On Thu, May 19, 2022 at 6:40 AM Torsten Duwe duwe@lst.de wrote:
On Wed, 18 May 2022 09:53:58 -0700 Vasily Khoruzhick anarsoul@gmail.com wrote:
On Thu, Apr 28, 2022 at 8:58 AM Torsten Duwe duwe@lst.de wrote:
power on the eDP bridge? Could there be any leftovers from that mechanism? I use a hacked-up U-Boot with a procedure similar to the kernel driver as fixed by this change.
I was asking because I recall an ugly hack in some ATF code to power up the chip correctly. Did you patch ATF, and maybe call functions of it at runtime?
Initially it's powered on by ATF on system power up. ATF parses DTB and finds the regulators that it needs to enable and enables them. It's done in ATF because u-boot SPL didn't have enough space to fit in the AXP803 driver. It's only done at startup and once linux takes over, ATF doesn't touch these regulators.
But the main question is: does this patch in any way worsen the situation on the pinebook?
I don't think it worsens anything, but according to the datasheet the change makes no sense. Could you try increasing T2 instead of changing the power sequence?

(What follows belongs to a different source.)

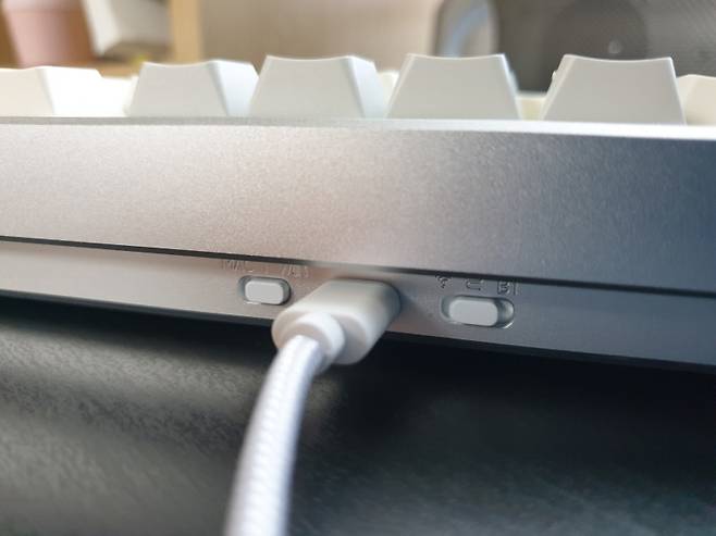 유선 연결은 유선 변경 스위치에 맞춰 놓고, 착탈식 C 타입 케이블로 키보드 전원 포트에 연결하

According to the datasheet, there is also T3, I realise now. The diagram talks about "System Clock", but both Teres and Pinebook have a passive resonator circuit there. Correct me if I'm wrong, but without chip power, there is little to resonate. What if that driving clock circuit is powered by Vdd25? Maybe the earlier provision of 2V5 is enough for Teres' Q4, but Pinebook X4 takes even longer? The start-up times can be in the range of milliseconds.
That's plausible, but can you please try just increasing the delays without changing the power sequence?